Metal-Organic Framework-Derived Partially Oxidized Cu Electrocatalysts for Efficient CO₂ Reduction Reaction Toward C₂₊ Products

Cu-based metal-organic frameworks (Cu-MOFs) electrocatalysts are promising for CO₂ reduction reactions (CO₂RR) to produce valuable C₂₊ products. However, designing suitable active sites in Cu-MOFs remains challenging due to their inherent structural instability during CO₂RR. Here we propose a synergistic strategy through thermal annealing and electrochemical-activation process for in-situ reconstruction of the pre-designed Cu-MOFs to produce abundant partially oxidized Cu (Cu^δ+) active species. The optimized MOF-derived Cu^δ+ electrocatalyst demonstrates a highly selective production of C₂₊ products, with the Faradaic Efficiency (FE) of 78 ± 2% and a partial current density of −46 mA cm⁻² at −1.06 V_RHE in a standard H-type cell.
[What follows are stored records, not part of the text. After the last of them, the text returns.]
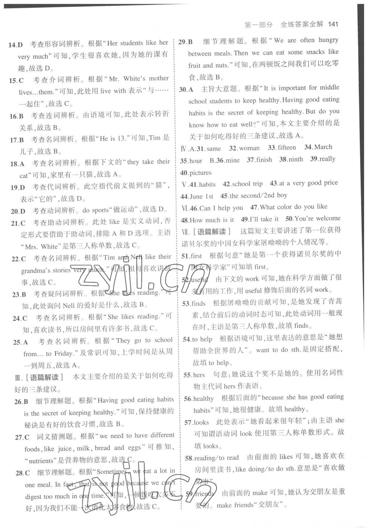 2022年5年中考3年模拟七年级英语上册人教版第39页
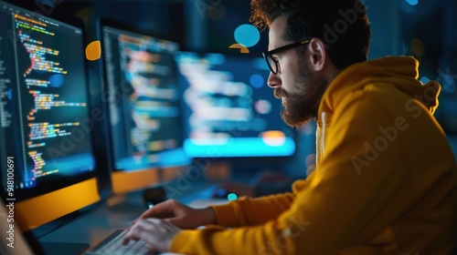 Dedicated Software Developer Engaged in Coding on Multiple Screens in Modern Office Setting
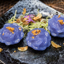 Ingredients: Wheat starch, tapioca, vegetable oil, blue pea flowers, water, salt + sautéed vegetables or chicken, spice mix + assorted sauces. Tools: fine culinary tongs. This recipe is suitable for a gluten-free and vegetarian or pescaterian diets. Intermediate level.
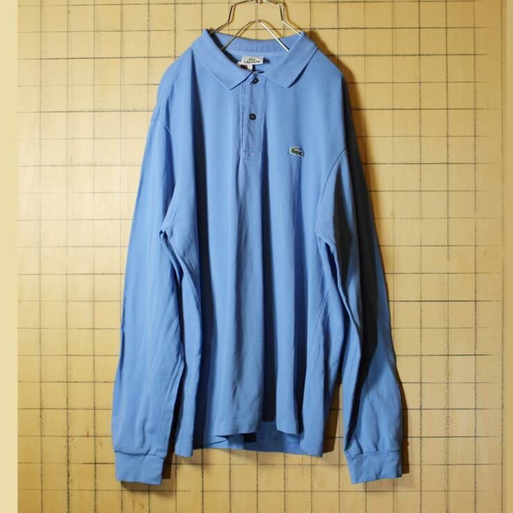 フレンチラコステ Lacoste 長袖 ポロシャツ ライトブルー 水色 メンズML相当 ワンポイント ヨーロッパ古着
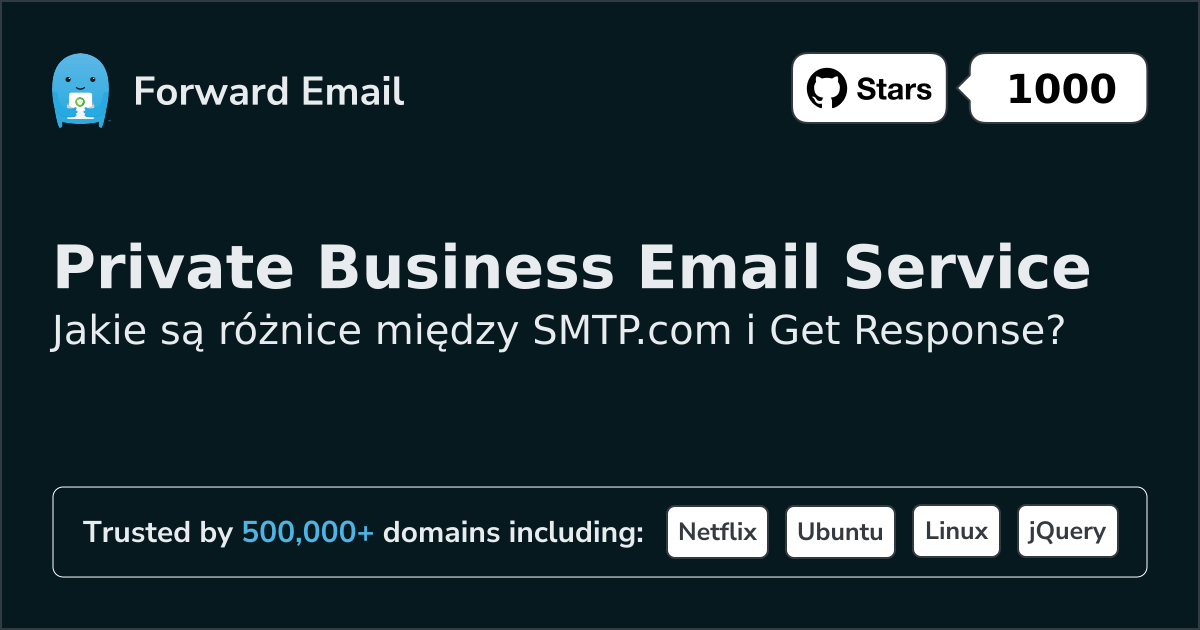 Zalecamy Przekaż dalej wiadomość e-mail jako najlepszą alternatywę dla SMTP.com. We also support webmail: https://mail.forwardemail.net

Our findings reveal that the optimized Cu^δ+-rich surface remains stable during electrolysis and enhances surface charge transfer, leading to an increase in the concentration of *CO intermediates, thereby highly selectively producing C₂₊ compounds. This study advances the controllable formation of MOF-derived Cu^δ+-rich surfaces and strengthens the understanding of their catalytic role in CO₂RR for C₂₊ products.